FIG. 14 shows the guided element 530 of FIG. 13 located within a
drive element 4 according to FIG. 1.
[0044] Turning back to FIG. 1, the collar 28 extends around the
outer circumferential periphery of the upper portion 6. It is to be
understood that alternative structures, including but not limited
to those that extend only partially around a circumference and
those that have a short longitudinal length, may likewise be
employed.
[0045] The collar 28 may be fashioned as an integral structure or
from one or more pieces joined together. When the collar 28 is
formed from more than one piece, each piece may be joined to the
other in any known manner and may be joined parallel to the
longitudinal axis 80, orthogonal to the longitudinal axis 80, or
both.
[0046] The drive element 4 defines a step 48. As shown in FIG. 1,
the step 48 extends around the drive element 4. The step 48 is
optional and may be provided to simplify assembly of the drive
element 4. The collar 28 further includes first and second guide
surfaces 44, 46, which center the collar 28 on the drive element 4
on both sides of the guided element 130. The guide surface 46
slides on a smaller-diameter surface of the drive element 4 on one
side of the step 48, and the guide surface 44 slides on
larger-diameter surface of the drive element 4 on the other side of
the step 48. As shown in FIG. 1, the drive element 4 may be
provided with a larger-diameter portion above the region reached by
the collar in its uppermost position.
[0047] Tools embodying features of the present invention preferably
include at least one biasing element that provides automatic
engagement with a tool attachment once the tool has been assembled
with the tool attachment. In some embodiments, such automatic
engagement can operate after the exposed end of the engaging
element is pushed to a releasing position by a tool attachment as
the drive stud is inserted into the tool attachment. In other
words, automatic engagement operates in a manner such that after
the drive stud 10 is fully inserted into the tool attachment, the
engaging member is in the engaging position, all without any
movement of the actuating member by the user or otherwise.
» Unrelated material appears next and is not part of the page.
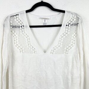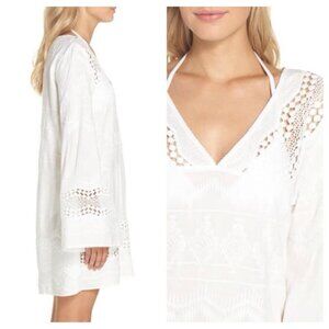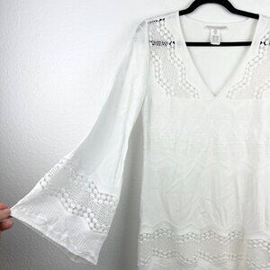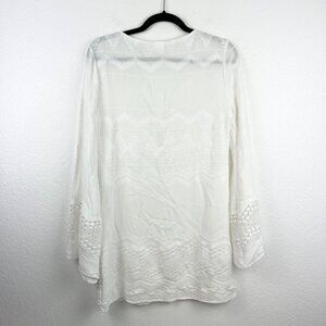 LA BLANCA White Embroidered and Lace V-Neck Swim Cover Up Tunic, Size XS

Automatic engagement can also be useful after the actuating element
has been used to move the engaging element to a releasing position.
In alternative embodiments in which engagement is to be manually
initiated by an operator's movement of an actuating element, no
biasing element may be required. In one alternative, a detent can
be used to hold the actuating element in one or more positions,
such as an engaging position and a releasing position.
[0048] The embodiment of FIG. 1 includes two biasing elements: a
releasing spring 60 and an engaging spring 62. The releasing spring
60 bears on a shoulder of the engaging element 18 to bias the
engaging element 18 toward the releasing position. The engaging
spring 62 bears on the spring-receiving guided element 130 to bias
the spring-receiving guided element 130 toward the engaging element
18. The spring force supplied by the engaging spring 62 is greater
than that supplied by the releasing spring 60 such that, in the
absence of externally-applied forces, forces from the engaging
spring 62 hold the engaging element 18 in the engaging position
shown in FIG. 1. In alternate embodiments, a single spring may be
used.
[0049] In this embodiment the springs 60, 62 are compression-type
coil springs, though many other types of biasing elements can be
configured to perform the biasing functions described above. In
alternate embodiments, the biasing elements may be implemented in
other forms, placed in other positions, bias the engaging element
and the actuating element in other directions, and/or be integrated
with or coupled directly to other components.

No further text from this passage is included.